Wednesday, March 4th, 2009
Welcome back to my semi-regular column, "The Road to HTML 5," where I'll try to explain some of the new elements, attributes, and other features in the upcoming HTML 5 specification.
The feature of the day is spell checking, by which I mean client-side in-browser checking of text in standard <textarea>
and <input type=text>
elements. Several browsers support this out-of-the-box, including Firefox 2 and 3, Safari 3, Opera 9, and Google Chrome. However, each browser has different defaults of which elements get spell-checked, and only a handful allow the web author to suggest whether browsers should offer checking on a particular element.
In this article:
A brief history of the spellcheck
attribute
That last bit, by the way, is why this is relevant to HTML 5. Browser features are interesting, but are mostly outside the purview of spec-land. But the idea of a markup hint to suggest turning spell-checking on or off has been bounced around for years. To wit:
- May 2006: Mozilla bug 339127 - Provide a way for a web page to enable/disable spell checking on a given field. Brett Wilson outlines the thinking, and a potential algorithm, for using the
accept
attribute to trigger spell-checking.
- May 2006: Ian Hickson mentions <input type="text" accept=""> on the WHATWG mailing list, triggering a long discussion (continued in June archives). This discussion resulted in...
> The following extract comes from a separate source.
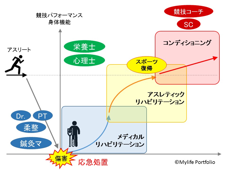 アスリートが受傷した際には医療機関へ行き、ドクターの診察の下、PTの治療によって患部に対してアプローチがなされる。
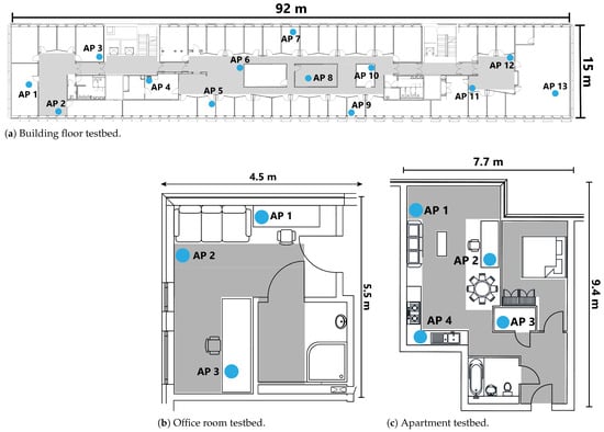 To evaluate the performance of the proposed reliable WiFi-based indoor positioning system, examine the robustness across devices and time and demonstrate the generalisation of the results, we conducted experiments in three representative and challenging real-world environments: a full floor of a campus building, an office room, and a residential apartment (see Figure 3) [26]. This dataset includes WiFi RTT and RSS measurements, along with line-of-sight (LoS) annotations for every reference point. These three datasets were collected over different time period in real-world complex scenarios that contain distinguishing LoS conditions. Each reference point comprises more than 120 WiFi scans, as shown in Table 1. A desktop PC equipped with an Intel Core i9-12900K processor (Intel Corporation, Santa Clara, CA, USA) and 32 GB DDR4 4000 MHz memory (G.SKILL International Enterprise Co., Ltd., Taipei, Taiwan) was used to analyse the results. On the largest building floor dataset, the model training time was 1.6 s, and the average generation time for each q-value was 0.2 s. These low computational requirements indicate that the proposed approach is lightweight and amenable to practical deployment.

- June 2006: Spellchecking proposal #2, which argued against the more-general
accept
attribute and in favor of a more-specific spellcheck
attribute. More discussion ensued, which led to...
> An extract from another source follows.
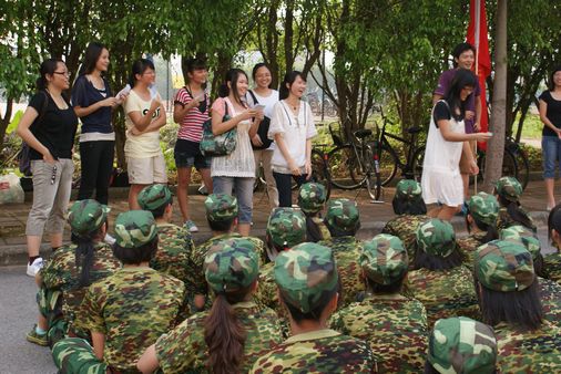 骄阳似火,吓不退2010届英教新生正步前进的步伐;酷热暑气,挡不住英教党建小组对师弟师妹们的亲切关怀。2010年9月10日下午4时,在1929cc威尼斯党建活动协调小组副组长杨燕媚和胡雅婷的率领下,小组三大部门(即宣传部、组织部和实践部)的部长们带着清凉的饮料及相关介绍资料来到1929cc威尼斯10级新生的主方块进行军训探访活动。

- June 2006: Spellchecking mark III, which, unsurprisingly, led to even more discussion, but no resolution.
- December 2008: "the [spellcheck] attribute has seen very little interest outside of Google ... I have therefore not added this feature to HTML5 for the time being. If there is more interest in this feature, please speak up." Anne van Kesteren (Opera) immediately replied, "Opera wants to support this feature as well in due course." Maciej Stachowiak (Apple) stated, "WebKit by default spellchecks (and grammar checks) all editable parts of the document, and it is not obvious to me why one would want to force it off for particular form controls or editable HTML areas." More vigorous discussion (continued in January 2009 archives).
- February 2009: Ian Hickson announces, "I have added spellcheck="" to the spec." Followups mostly focus on what the attribute should be called, and what values it should take. (More on this in a minute.)
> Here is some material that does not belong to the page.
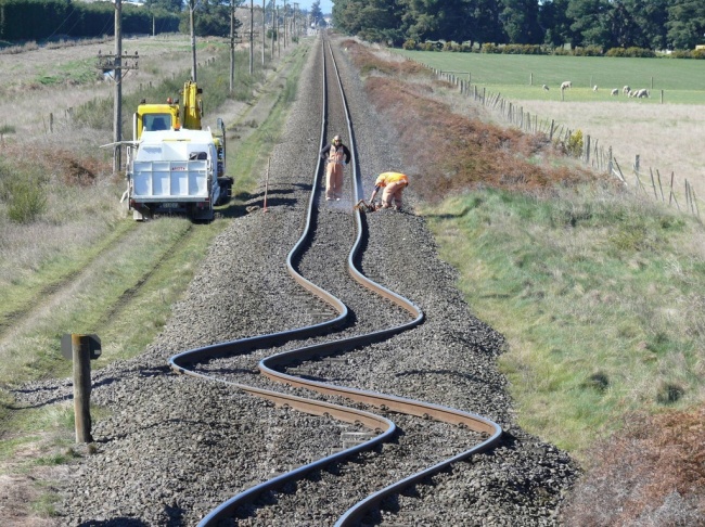 ▼紐西蘭地震後扭曲的鐵路軌道。

- February 26, 2009: "Based on the interest (not uniform interest, but interest nonetheless) on this topic, I've left the feature in the spec." Yeah, February 29th -- that was last week. So don't in any way consider this the final word on the subject.
Examples
Getting down to the technical details, the spellcheck
attribute is a bit of an oddball. Most boolean attributes (such as <option selected>
) are false if they are absent, true if they are present, and true if they are present with a value the same as the attribute name (e.g. <option selected=selected>
). The spellcheck
attribute is not like that; instead, it requires an attribute value of either true
or false
.
So this is valid:
<textarea spellcheck="true">
And this is valid:
<textarea spellcheck="false">
But this is not valid:
<textarea spellcheck>
Browser support
Browser support is currently... limited.
Markup | Firefox 3.0.6 | Google Chrome 1.0.154.48 | Safari 3.2.1 | Opera 9.62 |
<input type=text> | offer on right-click | no check | check as you type | offer on right-click |
---|
<input type=text spellcheck=true> | check as you type | no check | check as you type | offer on right-click |
---|
<input type=text spellcheck=false> | offer on right-click | no check | check as you type | offer on right-click |
---|
<input type=text spellcheck> invalid | offer on right-click | no check | check as you type | offer on right-click |
---|
<input type=text spellcheck=spellcheck> invalid | offer on right-click | no check | check as you type | offer on right-click |
---|
<input type=text spellcheck=on> invalid | offer on right-click | no check | check as you type | offer on right-click |
---|
<input type=text spellcheck=off> invalid | offer on right-click | no check | check as you type | offer on right-click |
---|
<textarea> | check as you type | check as you type | check as you type | offer on right-click |
<textarea spellcheck=true> | check as you type | check as you type | check as you type | offer on right-click |
<textarea spellcheck=false> | offer on right-click | check as you type | check as you type | offer on right-click |
<textarea spellcheck> invalid | check as you type | check as you type | check as you type | offer on right-click |
<textarea spellcheck=spellcheck> invalid | check as you type | check as you type | check as you type | offer on right-click |
<textarea spellcheck=on> invalid | check as you type | check as you type | check as you type | offer on right-click |
<textarea spellcheck=off> invalid | check as you type | check as you type | check as you type | offer on right-click |
In other words:
- In the absence of the
spellcheck
attribute, Firefox offers as-you-type spellcheck <textarea>
elements but not <input type=text>
elements. It treats the spellcheck
attribute with a true
or false
value as a signal to offer as-you-type spellcheck (or turn it off where it defaults to on). All invalid markup variations are ignored, in the sense that they do not change Firefox's per-element-type defaults. It lets the user turn spellcheck on and off on a per-element basis, which overrides both the spellcheck
attribute and the browser's per-element-type defaults.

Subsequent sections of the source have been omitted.